Coronavirus Concerns Lead to Low Mortgage Rates
It may be a good time to refinance.

Given the economy’s current hit from the new coronavirus, local homeowners should be on the lookout for cost-saving refinance opportunities. The Federal Reserve’s recent pronouncement that it had cut short-term interest rates by 1.5 percentage points a few weeks after COVID-19 arrived in the U.S. signals a rare window of time for homeowners and potential homebuyers to refinance or secure low-rate mortgages.
The Federal Reserve issued its first emergency rate cut on March 3, followed by a second cut on March 15. Hoping to lessen the near-term effects of coronavirus on the U.S. economy, the Fed reduced target federal funds rates to a range of zero to 0.25%. This rate cut is designed to bolster the economy once the pandemic is contained and regular business activity resumes.
In addition to slashing short-term interest rates, the Federal Reserve also announced that it plans to buy at least $500 billion in repurchase agreement operations, another move targeted at keeping money flowing through the economy by putting up high-quality collateral like Treasurys in exchange for the liquidity banks need to conduct operations. This tactic, known as quantitative easing, is meant to make sure lenders have money available for homebuyers and refinancers. It may also lower mortgage rates for Hawaii residents.

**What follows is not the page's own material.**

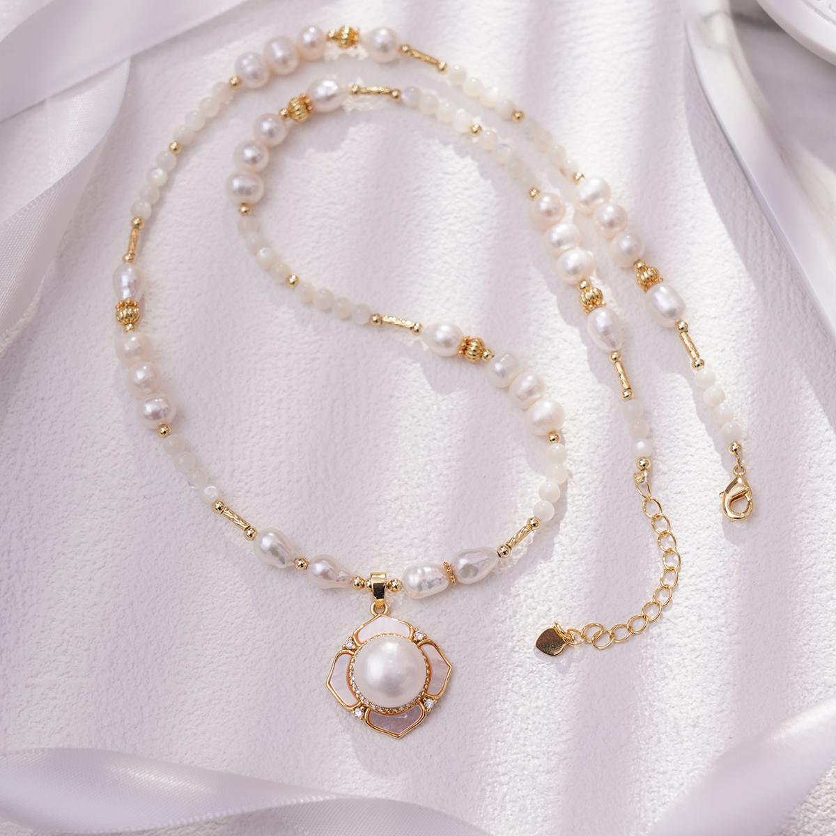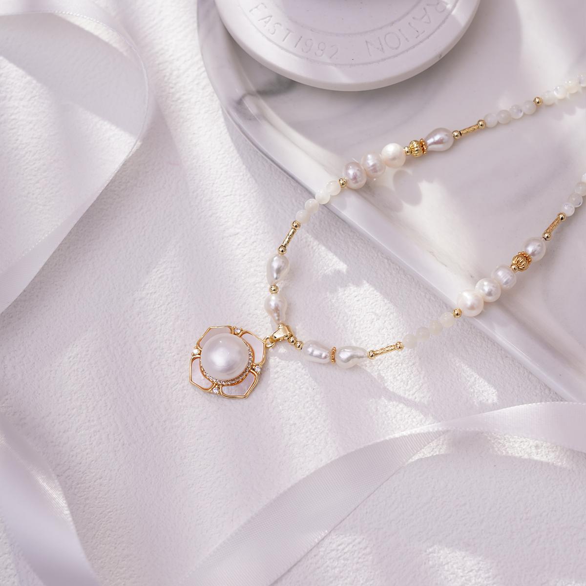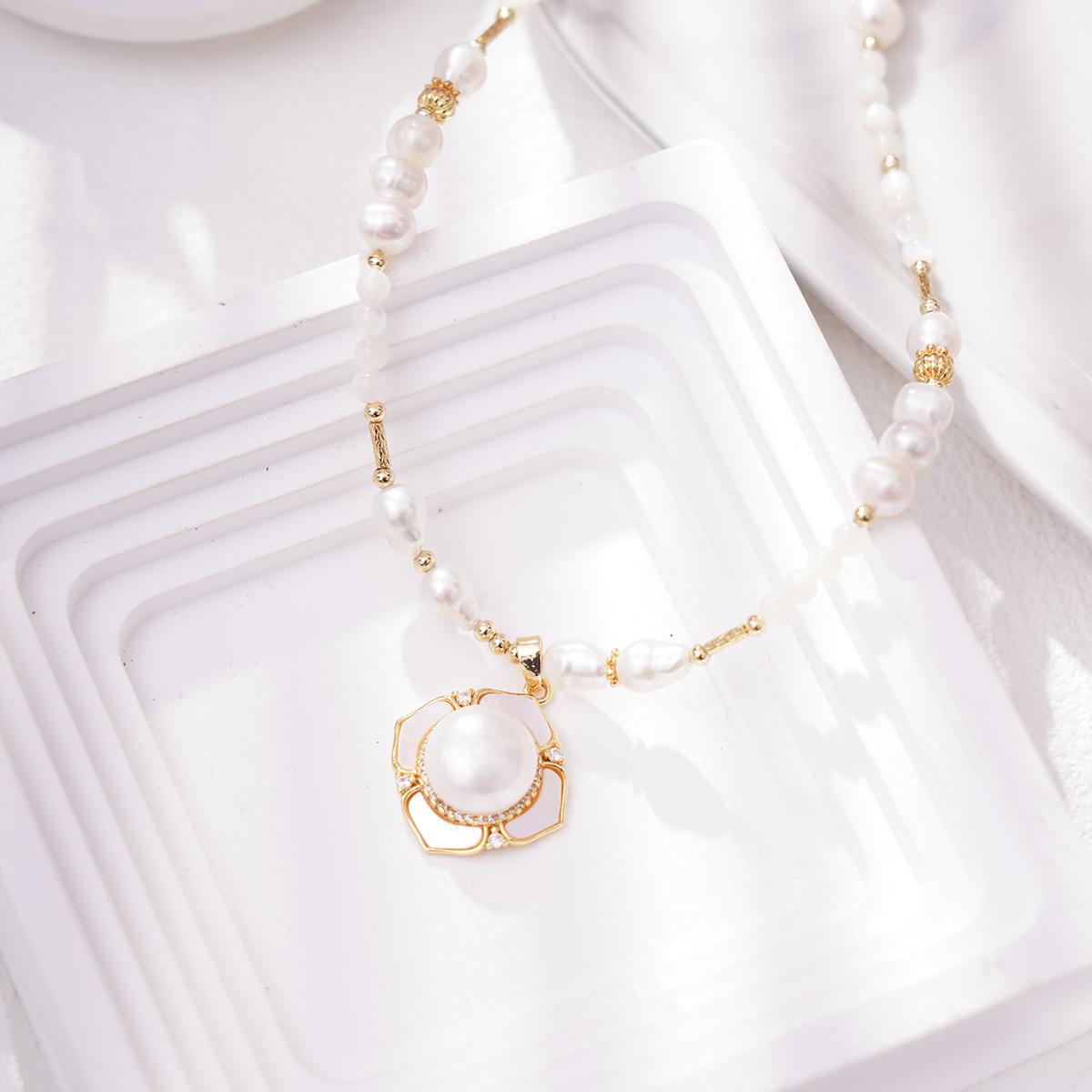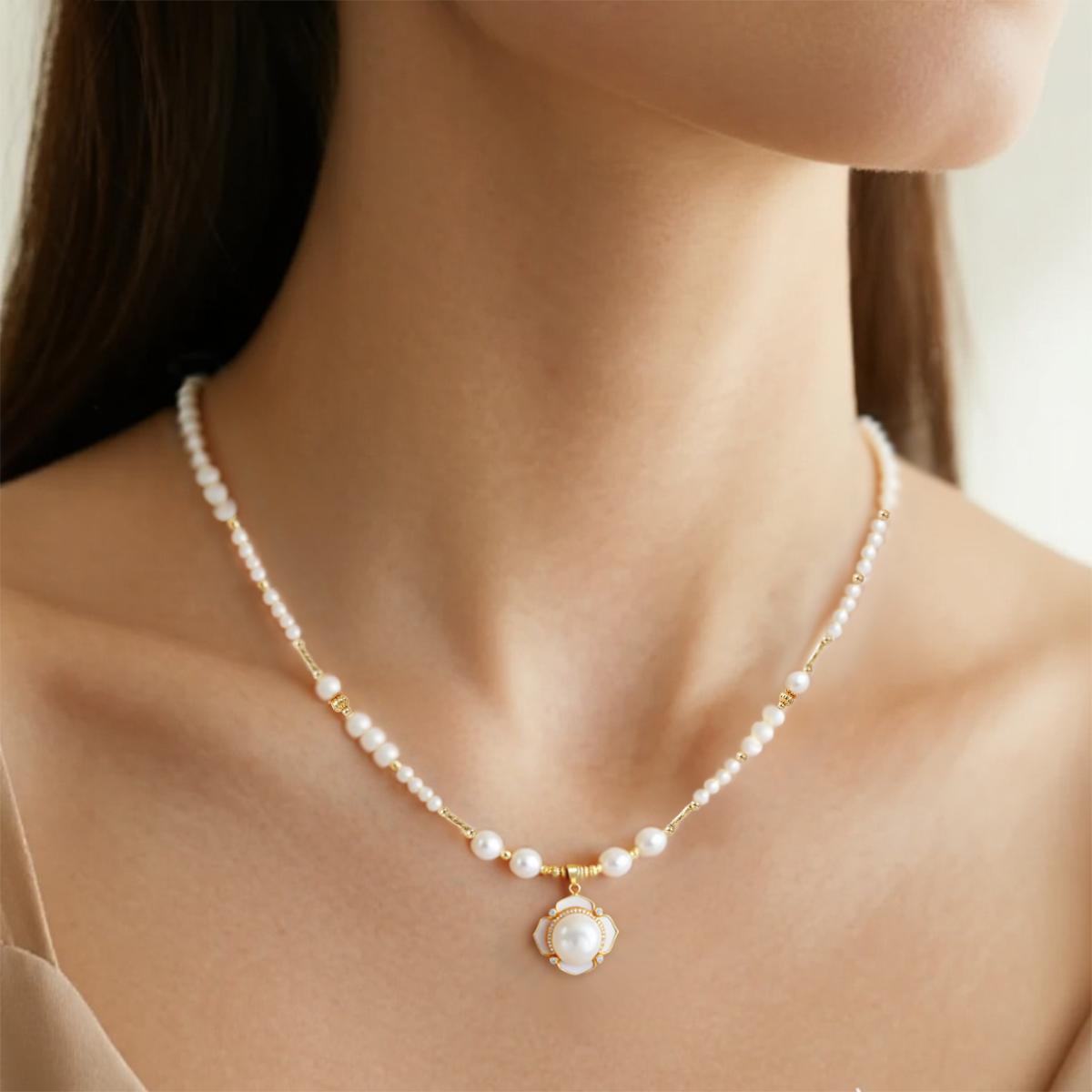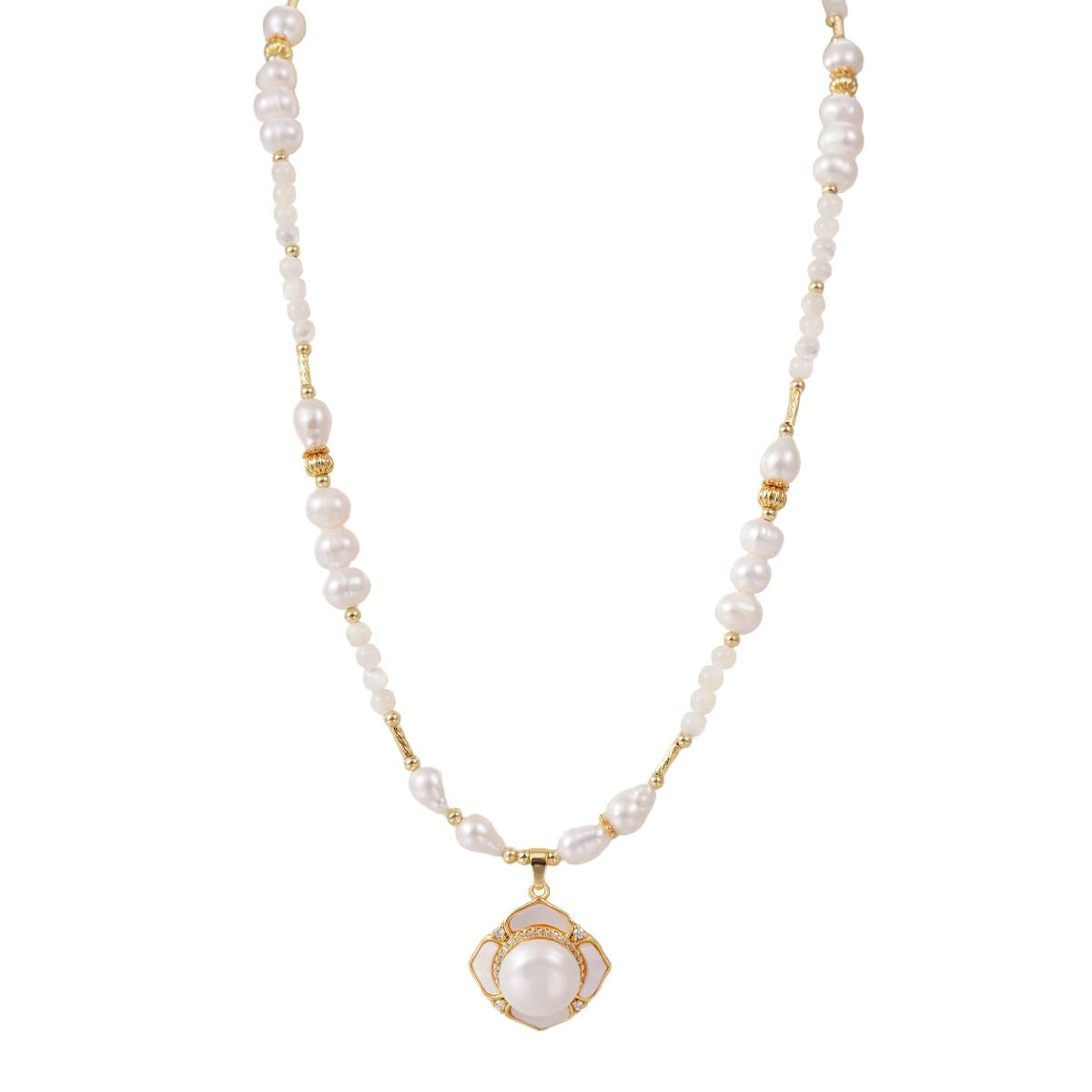 The brass chain exhibits a smooth finish with neatly connected links free of imperfections. Freshwater pearls showcase a soft, consistent luster with natural roundness. Shell elements retain their unique organic textures while being securely set. The geometric pendant maintains precise construction with zircon stones firmly placed and shell segments symmetrically aligned. The mixed materials create harmonious visual depth without compromising durability, ensuring lightweight comfort for extended wear.

Low rates may entice refinancers to borrow more, and homebuyers to shop the market as well. At least, that’s the Federal Reserve’s hope. While COVID-19 and shelter-in-place mandates are keeping residents indoors, it may not be a bad time to think about opportunities in the real estate market. In early March, current homeowners flooded bankers with refinance applications hoping they could lock in low rates. This trend resulted in a steep drop in mortgage rates, as low as 3.2% in the first week of March. Though there has been a slight uptick in percentage points, the Fed’s rate cuts are good news for residents looking for adjustable rate mortgages or home equity lines of credit to finance home projects or other expenses.
If you’re buying a home, don’t expect to see more houses on the market, as low mortgage rates won’t solve the lack of inventory available. However, you can bolster your chances by getting a mortgage preapproval letter from a lender, which gives sellers confidence in your offer.